In the simulations performed, genetic markers were generated according to two phylogenetic models (Figure 2). Let A, B, and C denote the wild-type alleles and a, b, c their corresponding mutant alleles for the three loci, A, B, and C, respectively. We assume that the A → a event has arisen before either B → b or C → c occurred, and B → b or C → c events occurred only on the aBC haplotype. In model I, the B → b took place first on the ancestral haplotype aBC, followed by the mutation of locus C on the haplotype abC, resulting in four distinctive haplotypes: ABC, aBC, abC, and abc. In model II, the mutation at locus B took place first on the ancestral haplotype aBC, followed by the mutation of locus C on the haplotypes bearing either the wild-type allele (i.e., aBC) or the mutant allele (i.e., abC) at locus B, resulting in five distinctive haplotypes: ABC, aBC, abC, aBc, and abc.

In model I, we assume that C → c occurred only on the abC haplotype, as shown in Figure 2. Let p_a denote the proportion of the “a” allele in the population, p_b denote the probability of the B → b event conditional on the A → a event, and p_c denote the probability of the C → c event conditional on the B → b event. Two variants of model I were considered:

model IA: the genotype measures X₁, X₂, and X₃ refer to loci A, B, and C, respectively (e.g., genotype “aaBbCC” corresponds to X₁ = 3, X₂ = 2, X₃ = 1);
model IB: the genotype measures X₁, X₂, and X₃ refer to loci B, A, and C, respectively (e.g., genotype aaBbCC now corresponds to X₁ = 2, X₂ = 3, X₃ = 1).

In model II, we considered the case where B → b and C → c events were independent (see Figure 2); without loss of generality, we assume that B → b occurred before C → c. Under this model, p_a and p_b were defined similarly as we defined in model I, but p_c is defined as the probability of the C → c event conditional on the A → a event.

In our simulations, we considered the following parameter settings for p_a, p_b, and p_c: p_b = p_c = 0.8, and p_a of values 0.1, 0.2, and 0.4. For example, p_a = 0.2 would mean that the a allele is present in 20% of the population, and hence ∼32% of the animals have the genotype Aa and 4% have the genotype aa.

Simulation and fitting procedures:

For these models, we simulated for n = 200: {(Y_i, X_1,_i, X_2,_i, X_3,_i)}, where i = 1, … , n.
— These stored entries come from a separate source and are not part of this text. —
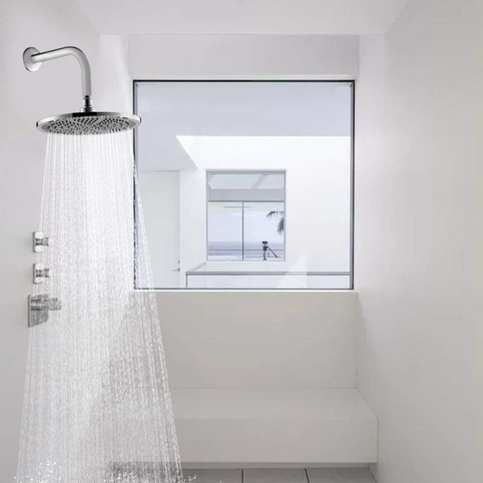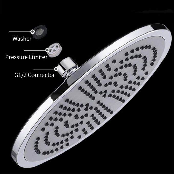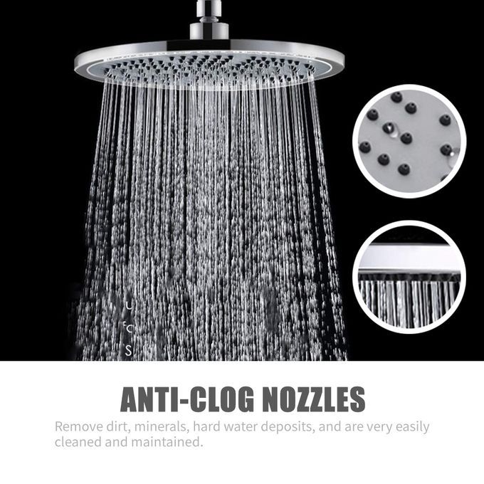 The rain shower head is made of premium stainless steel material and a polished chrome finished, and it is anti-corrosion, rust-proof and durable. Self-cleaning nozzles can stop natural calcium from accumulating to prevent blocking. The high-pressure shower head is designed with the most advanced water-saving, and pressurizing technology, give you a comforting shower experience.
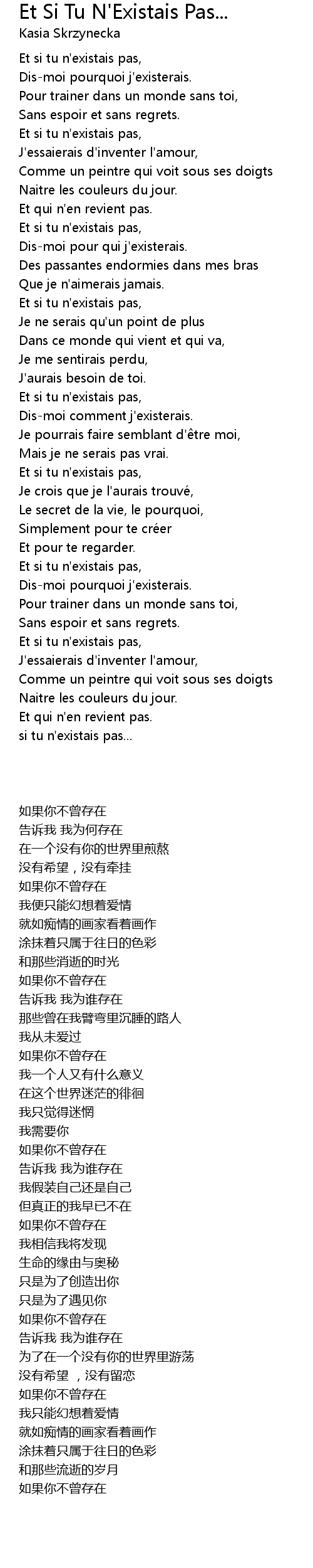 | [00:22.30] | Dismoi pourquoi j' existerais. |
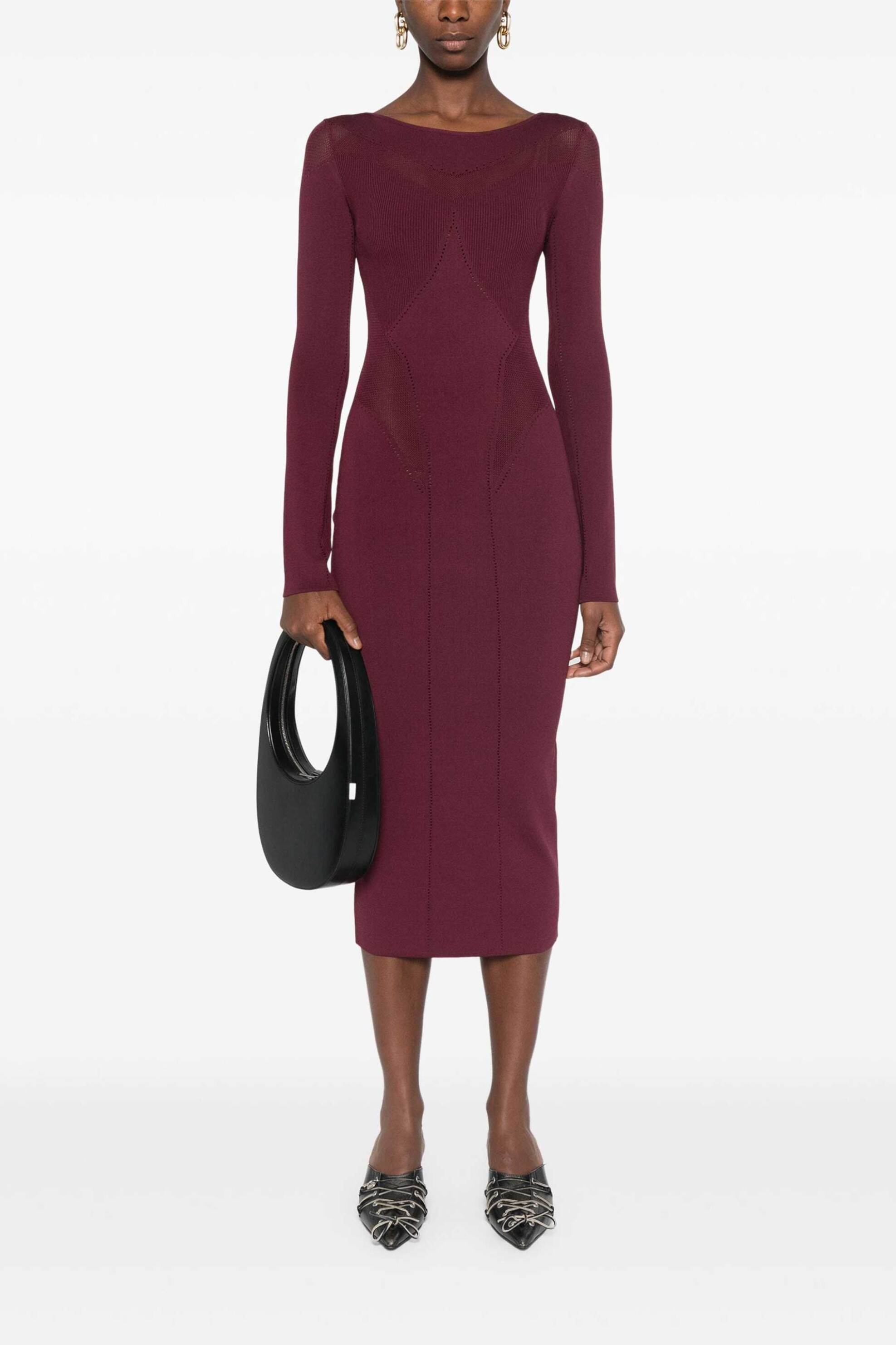 Γυναικείο midi φόρεμα. Μονόχρωμο. Πλεκτό. Στρογγυλή λαιμόκοψη. Μακρύ μανίκι. Λεπτομέρειες στην πλέξη. Μεταλλικό λογότυπο στο πίσω μέρος. 72% βισκόζη, 28% polyamide

The phenotype Y for each animal is again generated according to the linear model—Equation 1, with parameters μ₁ = 100 − Δ, μ₂ = 100, μ₃ = 100 + Δ, and σ = 10. Here we randomly dropped values from each variable with a probability, p_m. We conducted simulations under two scenarios: (a) p_m = 10% and (b) p_m = 20%. Note that in our simulations used for assessing the validity of EM-LRT in finite samples, the missing proportion refers to the missing probability of X₁. Here, p_m refers to the missing probability of all variables, Y, X₁, X₂, and X₃. The validity of the EM-LRT for the simulation used here was verified by checking the values of the empirical type I error rates (i.e., when Δ = 0).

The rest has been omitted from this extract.